Shown: posts 1 to 6 of 6. This is the beginning of the thread.
Posted by bleauberry on September 4, 2008, at 15:36:07
Could you please help me construct a list of medications that are 5ht1a autoreceptor antagonists? I don't want to go into long detail about why, just know that there is very good reason for it pertaining to my treatment. I am on the hunt for one that will specifically prevent 5ht1a from being excessively sensitive so as to allow enhanced transmission.
Since all meds have other actions, if you list a 5htt1a autoreceptor antagonist could you also please share what the other mechanisms of the med are? Some may be desired, neutral, ok, or bad, so that would be useful to know ahead of time.
I don't know about 5ht1a agonists or partial agonists, but if you do, please share. Anything that will wake up the receptors and keep them from oversensing too much serotonin when in fact there isn't enough.

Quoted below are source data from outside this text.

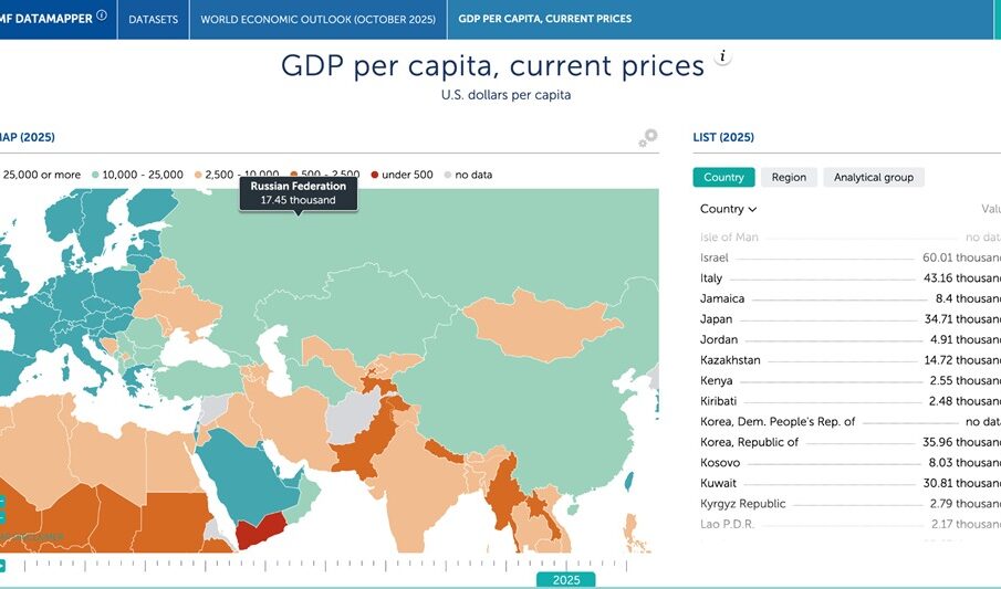 МВФ рассчитывает ВВП на душу населения по текущим ценам, что позволяет оценить общий уровень благосостояния и покупательной способности.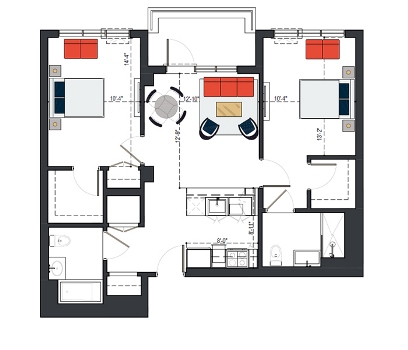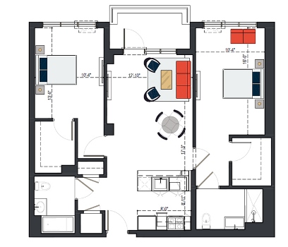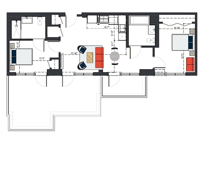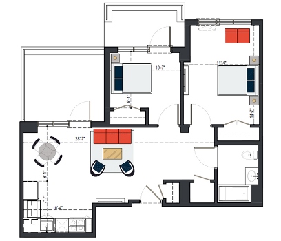 6th Floor, 2 Bed, 879 SF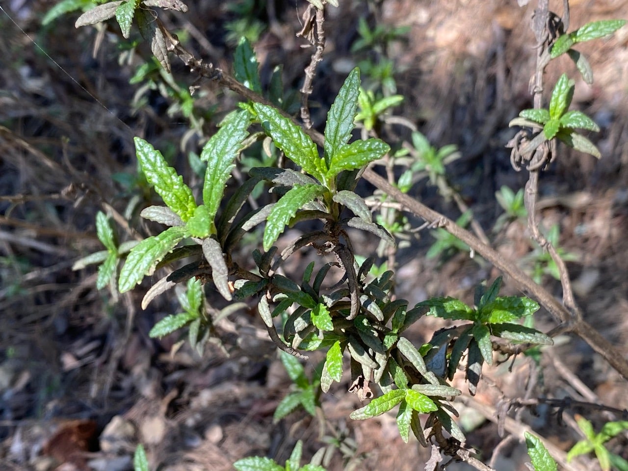 Bush Monkey Flower, Diplacus aurantiacus has sprouted bright green leaves at every branch tip and stem node to replace the dark, spent leaves from last year. Life is ready for renewal!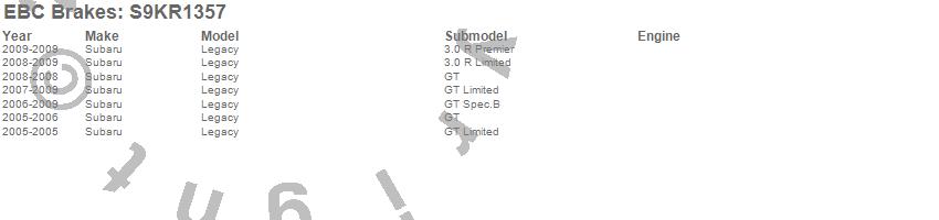 Below is an abbreviated list of applications for the S9 Kits Yellowstuff and USR Rotors.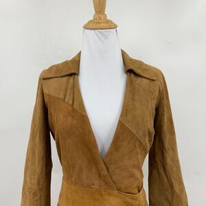 Diane Von Furstenberg Goat Suede Wrap Dress Womens 0 Brown Low Cut Tie Waist NEW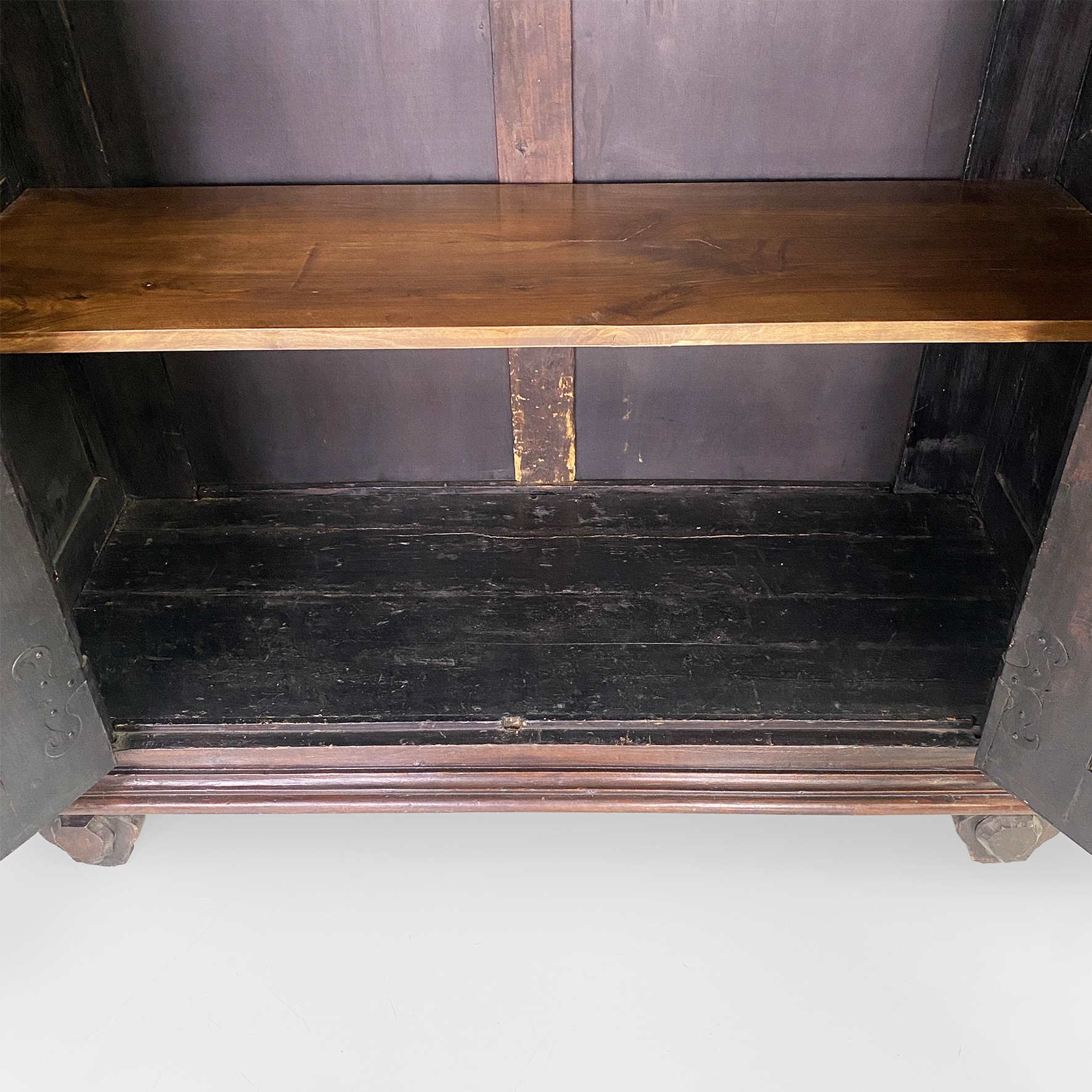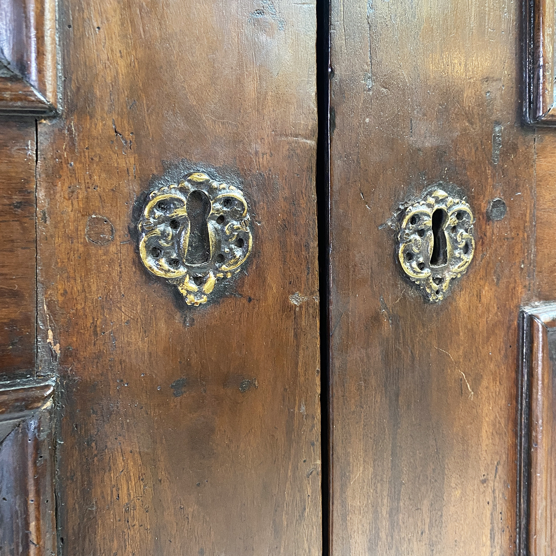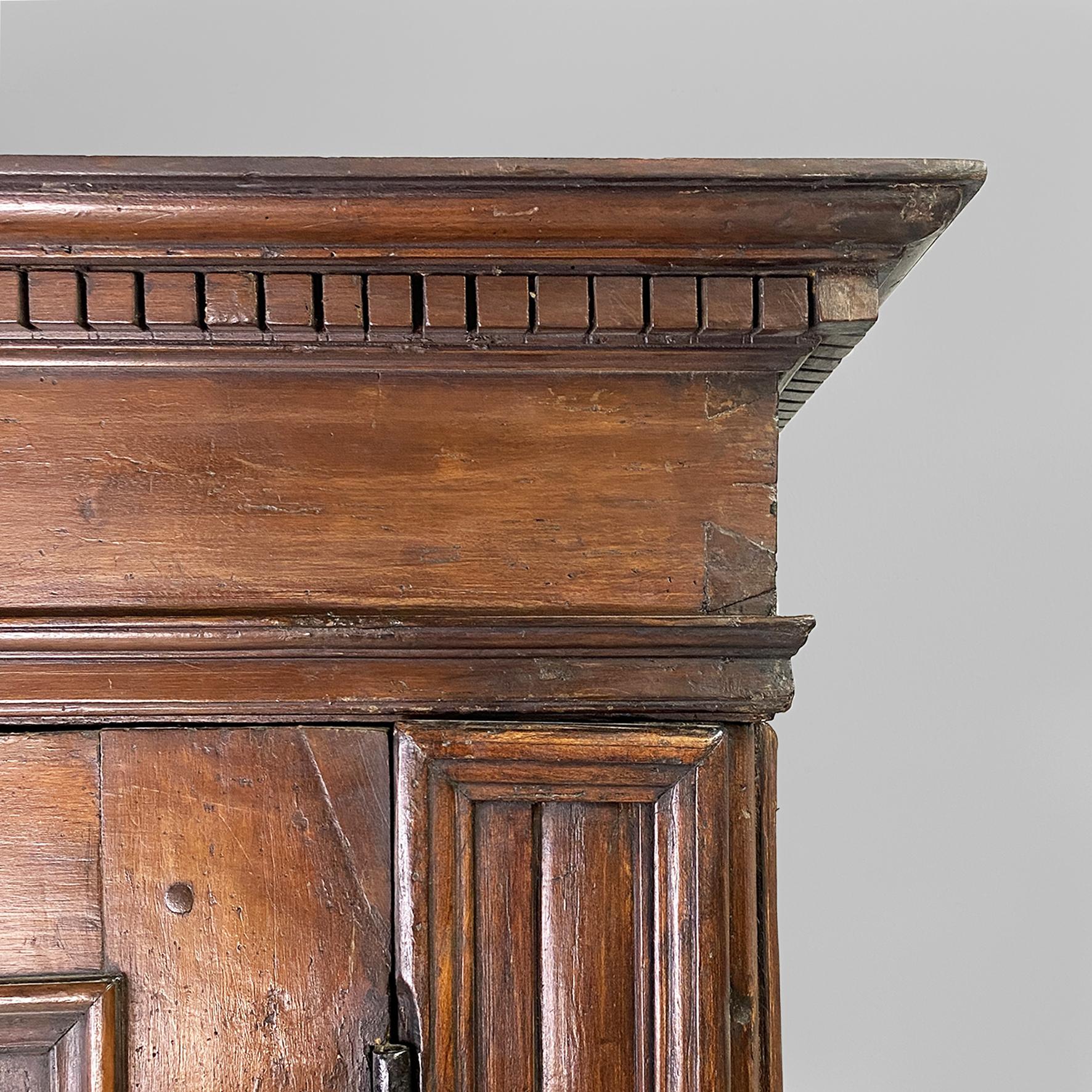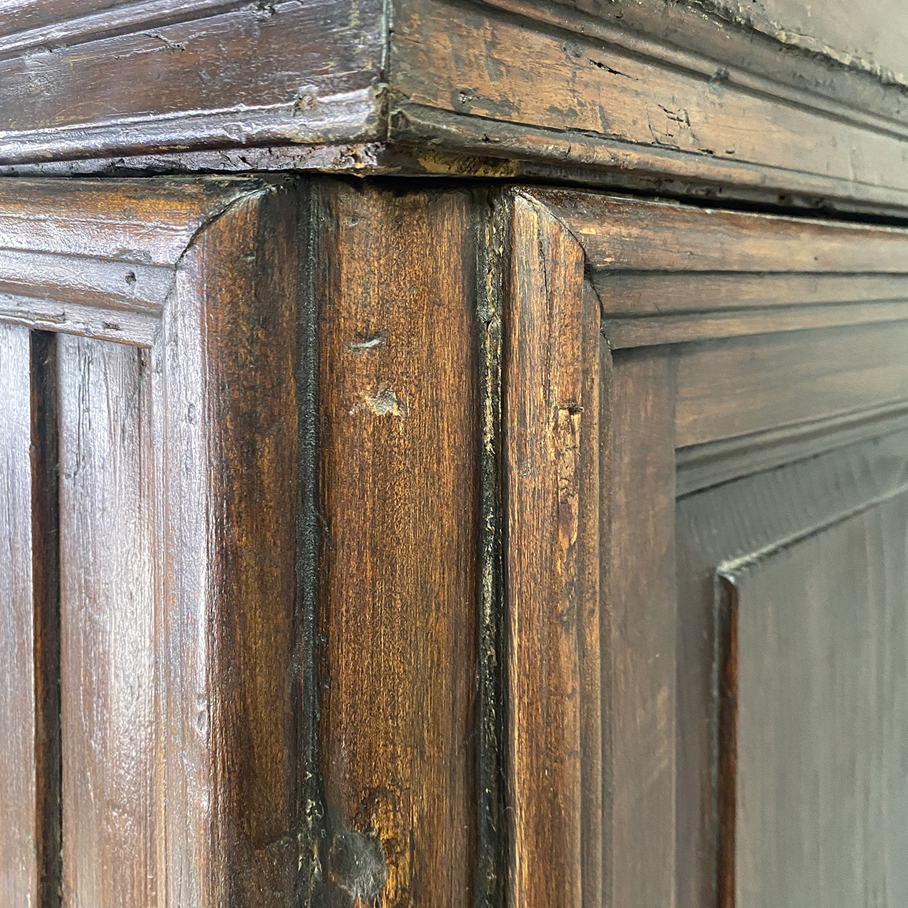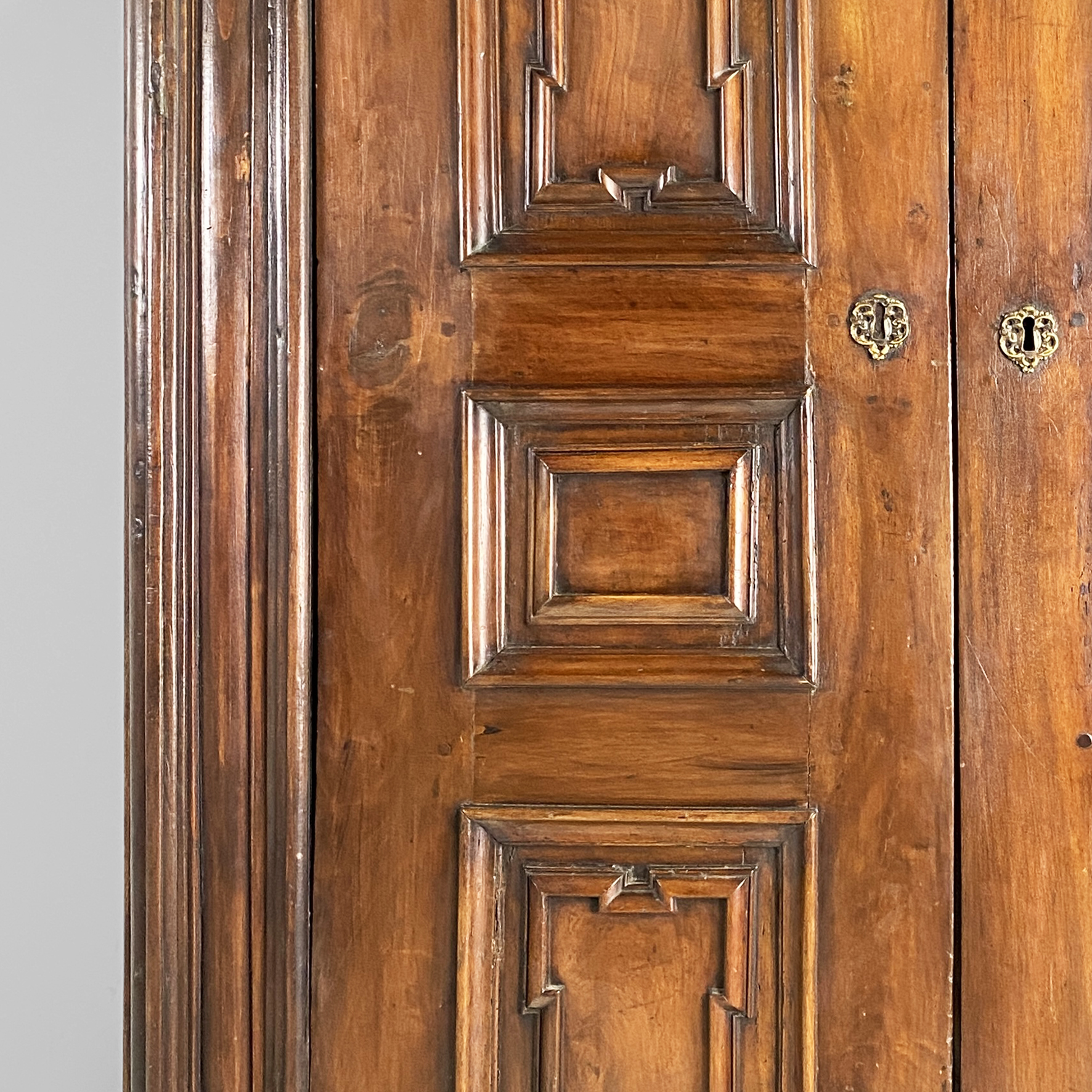 Armadio barocco in legno a due ante. Mobile contenitore con ante a battente e doppia mensola interna, con zampe anteriori con decoro e posteriori con forma irregolare sagomata. Su tutta la cornice del cappello è riportato un fregio con un motivo ripetuto, mentre presenta ante e fianchi a cassettone sempre decorate con fregi. Schiena del mobile non finita. Serrature in ferro e ottone, non utilizzabili per chiave mancante.

Strange how this new insight came from a good reaction to the antibiotic Doxycycline. It gets complicated. To keep it short, 5ht1a is involved. I need to know what my choices are for that mechanism.
Thank you!
Posted by Phillipa on September 4, 2008, at 16:32:14
In reply to SLS and all....5ht1a autoreceptor antagonists...., posted by bleauberry on September 4, 2008, at 15:36:07
Can I follow as when on doxycylline felt better and wasn't sick at the time. Thanks Phillipa
Posted by ricker on September 4, 2008, at 16:42:52
In reply to SLS and all....5ht1a autoreceptor antagonists...., posted by bleauberry on September 4, 2008, at 15:36:07
Hi bleauberry,
Have you seen this drug chart?
http://www.slschofield.com/medicine/psychiatric_drugs_chart.html
I believe the link was previously provided by Scott?
I wish I could be of more help, but my knowledge is somewhat limited.
I quickly scrolled down the chart and noticed a few drugs that may meet you needs?
Regards, Rick
Posted by SLS on September 4, 2008, at 18:56:53
In reply to SLS and all....5ht1a autoreceptor antagonists...., posted by bleauberry on September 4, 2008, at 15:36:07
> Could you please help me construct a list of medications that are 5ht1a autoreceptor antagonists? I don't want to go into long detail about why, just know that there is very good reason for it pertaining to my treatment. I am on the hunt for one that will specifically prevent 5ht1a from being excessively sensitive so as to allow enhanced transmission.
1. pindolol - 5-HT1a somatodendritic autoreceptor antagonist; NE beta 1 receptor antagonist
> I don't know about 5ht1a agonists or partial agonists, but if you do, please share. Anything that will wake up the receptors and keep them from oversensing too much serotonin when in fact there isn't enough.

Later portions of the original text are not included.